The president and his team do not appreciate the rejection they now provoke among the French

The French presidential election campaign has already started. And there's a lot of mudslinging on the front pages of newspapers. Hardly had former prime minister Dominique de Villepin been cleared from any wrongdoing in the ‘Clearstream Affair' than French-Lebanese ‘repenti' Robert Bourji (like former members of the Mafia cooperating with the justice department) was explaining to everybody that he had spent most of his life delivering suitcases full of African cash to former president Jacques Chirac, and politicians like Villepin and others.
Nobody believed him. Not because of the cash, of course, but because he said he was ‘sincere' and was not ‘manipulated by the Elysée Palace', where his friend President Nicholas Sarkozy would have put an end, he said, to such practices. He just wanted to ‘clean his soul'.
Alas, another Lebanese-born intermediary, Ziad Takkiedine, was singing another tune just a few days later, about the so-called ‘Karachi affair' (an arms deal between France and Pakistan in which part of the commissions paid would have been sent back to France to finance the campaign of former prime minister Edouard Balladur). Two of Balladur's closest aides were formally indicted whereas Sarkozy's people claimed the president knew nothing about the deal (he was Balladur's official spokesman during the campaign against Chirac). But former interior minister and Sarkozy's close friend, Brice Hortefeux, at the same time, was having more than suspicious conversations with one of those indicted; he did not know his telephone was being tapped. "They know everything!" he said about the judges.
The way it is going, it won't be necessary to watch American sitcoms these coming eight months to get entertained.
Meanwhile, Europe is in the doldrums.
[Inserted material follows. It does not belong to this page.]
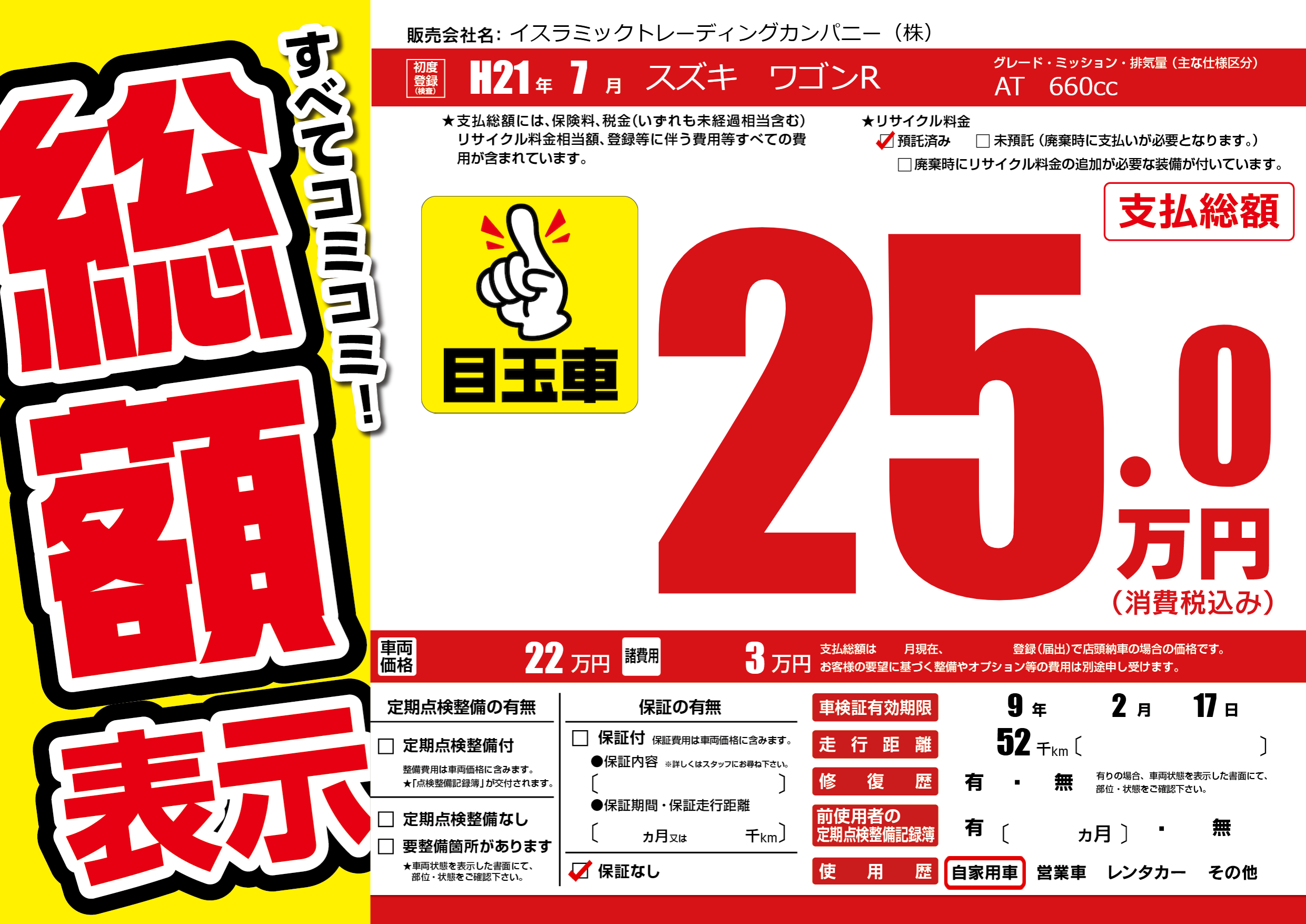 | 車検制限 | 9年 2月 17日 | ||

British Prime Minister David Cameron turns more and more to the Wild West and Italian premier Silvio Berlusconi spends his time between sessions in tribunals and bunga-bunga parties. Nothing unusual for a man who is only "half-time on the job", as he recently said in a taped conversation. France and Germany alone would thus be ‘keeping the shop'. Both countries indeed seem to be led by shopkeepers, as former chancellor Helmut Kohl recently said.
Half of the German government explains why Greece should be rescued whereas the other half talks about why it should not. The European Central Bank wonders whether it should buy Italian sovereign bonds and the EU if it should issue Eurobonds. Meanwhile, more than half of German exports go to countries in the Eurozone. And nobody seriously believes that Greece will ever be able to reimburse its debt with negative growth of 6 per cent. But what about the political project?
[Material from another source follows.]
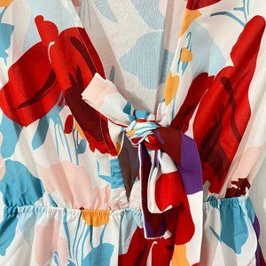 Abstract Print Plunging Neck Layered Hem Dress Size: XS
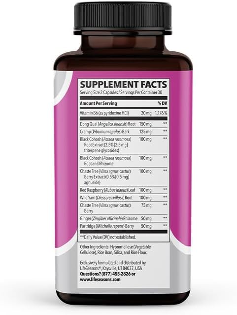 LifeSeasons - PreMense-T - PMS Relief Supplement - Support for Pre-Menstrual Symptoms, Cramping & Breast Tenderness - Nourish Tissue - Ginger Crampbark Dong Quai Chasteberry & Vitamin B6-60 Capsules

As for France, Sarkozy who is "not [yet?] a candidate", goes on about his ‘presidential status'. Hence a trip to Libya where he was hailed by a crowd of 1,500 and gave a De Gaulle-like speech. And he also undertook a mission to the UN for the sake of his American and Israeli friends, whereby Palestinian President Mahmoud Abbas was supposed to accept that the only way for Palestinians to get a state is to negotiate — with people who don't want to negotiate with him!
Slightly pathetic
All this could prove slightly pathetic; it seems Sarkozy doesn't realise that French people find him unbearable. A recent problem Sarkozy faced was the loss of his majority in the Senate. For the first time since its inception in 1958, the Senate is now Socialist. Why did the Senate go left? Because, some claim, of technical reasons, a succession of previously lost country elections (Senators are elected in turn by local representatives) and badly thought out local administrative reforms.
Yet, many even in his own camp say that Sarkozy and his team do not fully appreciate the degree of rejection they now provoke in the French population. It may be irrational or unfair, but it is a fact which is confirmed every passing day (incidentally, many of those who were elected from the UMP were the party's ‘dissidents' — meaning that they officially defected from the president's party although maintaining the same political line). And there is obviously no Plan B to Sarkozy, at least at this stage, especially following Centrist wonder boy Jean-Louis Borloo's decision not to run.
Actually, because of promises he could not respect, because of Sarkozy's somewhat irritating - not to mention inappropriate — behaviour, people seem to discover that over the years, they have been the victims of a kind of manipulation. As an additional example, 79 per cent of French people in a recent poll said that "Sarkozy was not sincere when declaring he had nothing to do with the Karachi black money affair". His impulsive and arrogant style could have been tolerated were he successful. But it has not been the case and the Titanic travels on the same route, with a crew denying reality. "Be curious, not judgmental", Walt Whitman said. He is still right but for sure the magic is gone.
Luc Debieuvre is a French essayist and a lecturer at IRIS (Institut de Relations Internationales et Stratégiques) and the FACO Law University of Paris.